Sasser's afternoon call alerting him of his promotion, though, barley afforded him enough time to make it to the game. Sasser took the first flight he could find that could get him to Arlington, Texas, for the Rangers' tilt with the Chicago White Sox that night.
"I got right off the plane and went straight to the stadium," Sasser says. "I got there in time for the game, barely, but didn't go through any of the pregame workouts or anything like that.
"I was just hoping to play, really, but it didn't hit me at the time, the experience of getting called up for the first time. I'm a kind of guy, even now, where I stay in the moment until it's over, then kind of decide after the fact whether I'm going to get excited over it or revisit it mentally."
"When I got there, I wasn't expecting to play, honestly, but a couple of guys were trying to give me a heads-up that they were going to try to get me an at-bat by way of saying they were injured or something, cool stuff like that, stuff that, at the time, I didn't appreciate as much as I do now."
Sasser didn't need any such help from teammates, as the visiting White Sox broke a 1-1 tie with a five-run rally in the fifth before adding two runs in the seventh to take an 8-2 lead and bust the game wide open.
"Closer to the end of the game, the score was still out of hand at the time, so I figured I might get a shot," Sasser said. "Then they said, 'Hey kid, get ready,' so I had an inning or so to get myself together and take some swings in the cage."
The game's result no longer in question after the White Sox added two more runs in the ninth to extend the lead to 10-2, Rangers skipper Johnny Oates pulled the trigger, sending Sasser to the plate to pinch-hit for centerfielder Tom Goodwin, who was due to lead off the bottom of the frame.
"It didn't really dawn on me until my actual at-bat came up and I saw myself on the (video board), and that's when it kind of hit me, but even then, it was kind of surreal." Sasser stepped in against White Sox left-hander Bryan Ward, seeing a total of five pitches before popping out in foul territory to catcher Chad Kreuter.
"Fastball, curveball, fastball, curveball, fastball.
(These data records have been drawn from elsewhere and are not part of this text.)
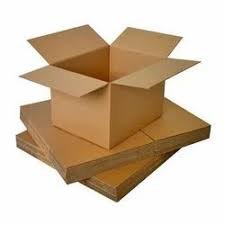Rigid containers, usually made of cardboard or corrugated fiberboard, used for packaging and shipping.
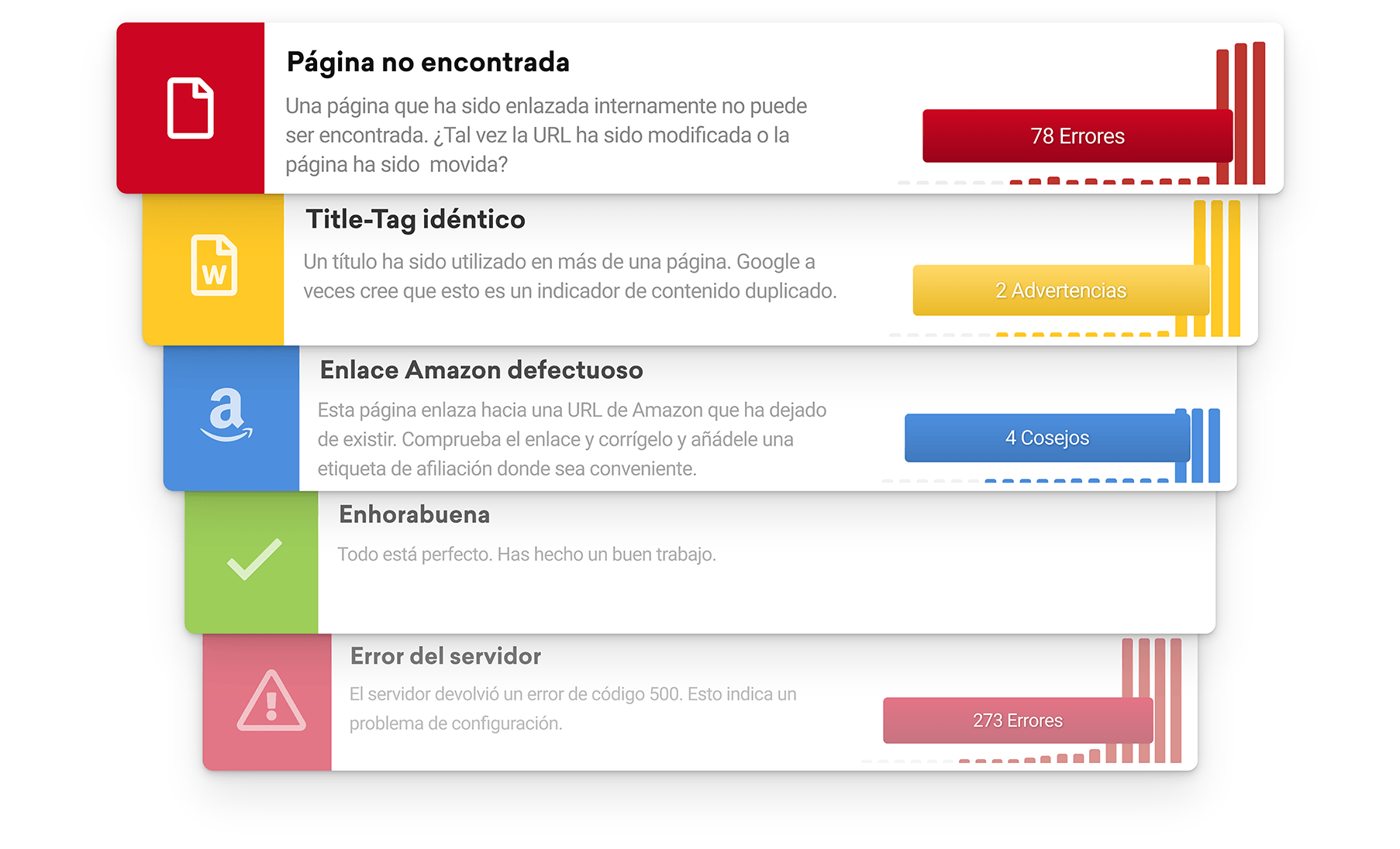 Las deficiencias técnicas de un sitio web pueden causar pérdidas de posicionamiento. El Proyecto Onpage SISTRIX reconoce las debilidades en la optimización de la página y proporciona sugerencias para solucionar problemas. Todas las sugerencias están ordenadas por relevancia para acelerar tus resultados.
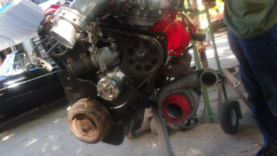 Nice design with single overhead cam(s), opposing rocker arms, hemi-head valve layout, and the turbocharger. Lotsa power.
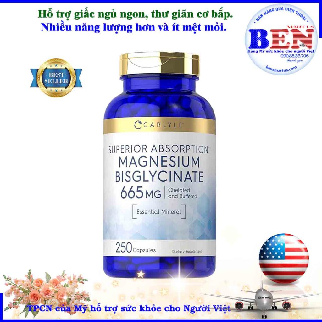 - Carlyle’s Superior Absorption Magnesium Glycinate 665 mg là một dạng cao cấp của khoáng chất thiết yếu này. Công thức của chúng tôi là Không chứa Gluten, Không biến đổi gen và tự nhiên không có chất bảo quản. Viên nang giải phóng nhanh chóng làm cho nó trở nên siêu tiện lợi để thêm vào bất kỳ thói quen nào. Nhận hỗ trợ đặc biệt với giá trị đáng kinh ngạc trên tất cả các khoáng chất với Carlyle!
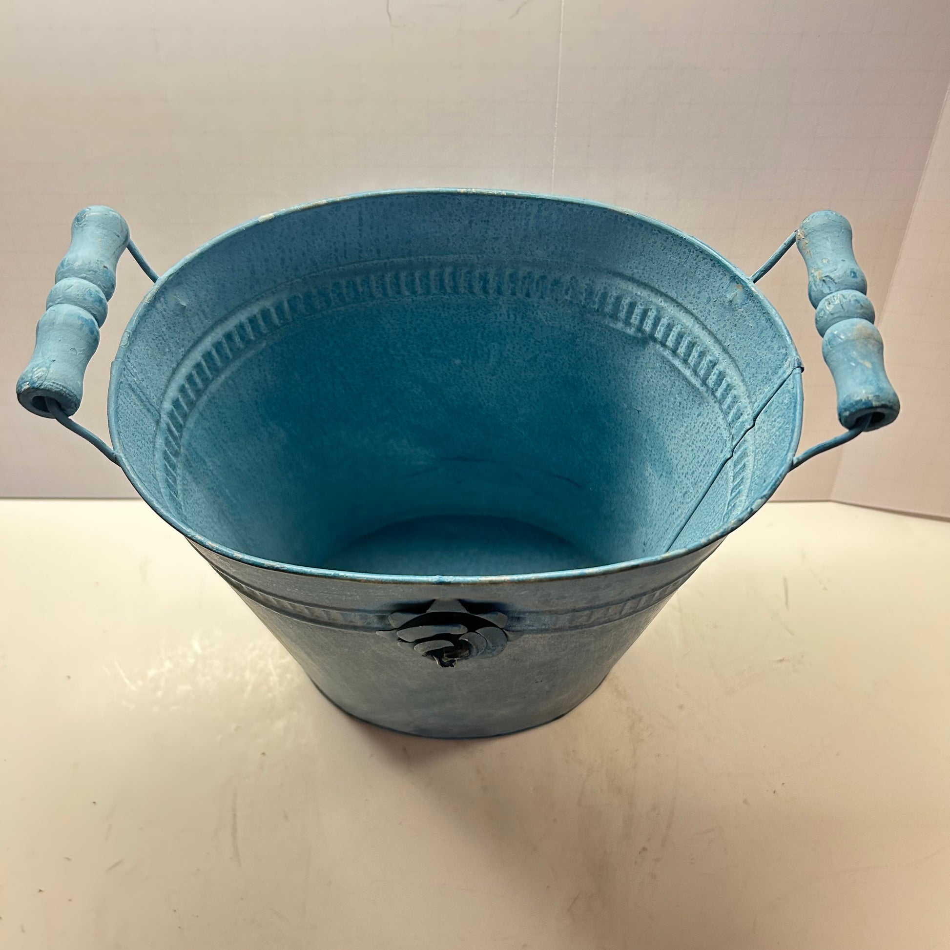 Experience the perfect combination of functionality and style with our Blue Metal Bucket! Featuring intricate floral decor and convenient hand handles, this 8"H x 8"W bucket adds a touch of charm to any space. Organize, store, and display with ease while adding a beautiful accent to your home.
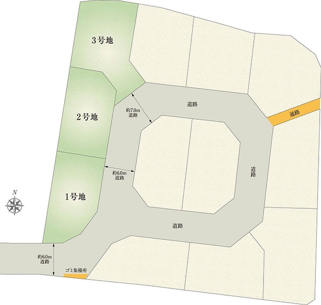 | 間取り | 3LDK(2号地)、4LDK(1号地、3号地) | ||||
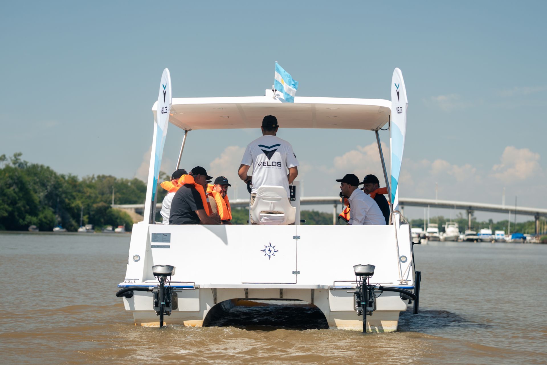 La travesía continuó con el desembarco en la Isla del Puerto, donde se compartió un almuerzo en el Parador Panza Verde, emprendimiento gastronómico que cuenta con un bar de playa flotante puesto en funcionamiento durante la temporada de verano. El espacio fue diseñado y ejecutado por Velos como una muestra de la articulación entre turismo e industria local.

It was a 2-2 count," Sasser says now, the pitch sequence from his lone taste of the big leagues forever seared in his brain.
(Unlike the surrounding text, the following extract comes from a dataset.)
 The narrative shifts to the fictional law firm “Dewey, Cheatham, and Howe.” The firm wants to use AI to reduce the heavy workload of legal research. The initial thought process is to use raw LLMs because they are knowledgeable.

While Sasser, a native of Oakland, Calif., knew his stay in the bigs would be short-lived, he didn't realize, however, that his at-bat and 20 some hours with the Rangers would be the last taste of the big leagues he'd have during his playing career.
The post-trade roster shuffling complete, Sasser was sent back to the minors the next day.
"In my mind, it was like, 'OK, that first one's over with, but now I'm looking forward to more,'" Sasser said. "It was one of those goals you set as a little kid. You want to do certain things, you want to play in the big leagues, then you want to be successful in the big leagues."
Though he wouldn't get another chance to do so, Sasser would continue to play professional ball in parts of seven more seasons, reaching the Triple-A level with five different organizations. In all, the former 10th round draft pick played in 1,169 minor league games, posting a .258 average with 98 homers and 543 RBIs.
Sasser called it quits in 2006, beginning the year with the White Sox Double-A affiliate, the Birmingham Barons, before retiring to join the organization as a hitting coach. Looking back now at his long, strange journey-including his 15 minutes of fame and his one big league at-bat-Sasser says he would have loved to have another crack at it, but that he's happy to have been, if only for a day, a major leaguer.
"I obviously thought I'd get back again, and I had opportunities where I was right there and it just didn't happen. It just wasn't in the cards, as they say.
"But for me, there are also no regrets. Zero."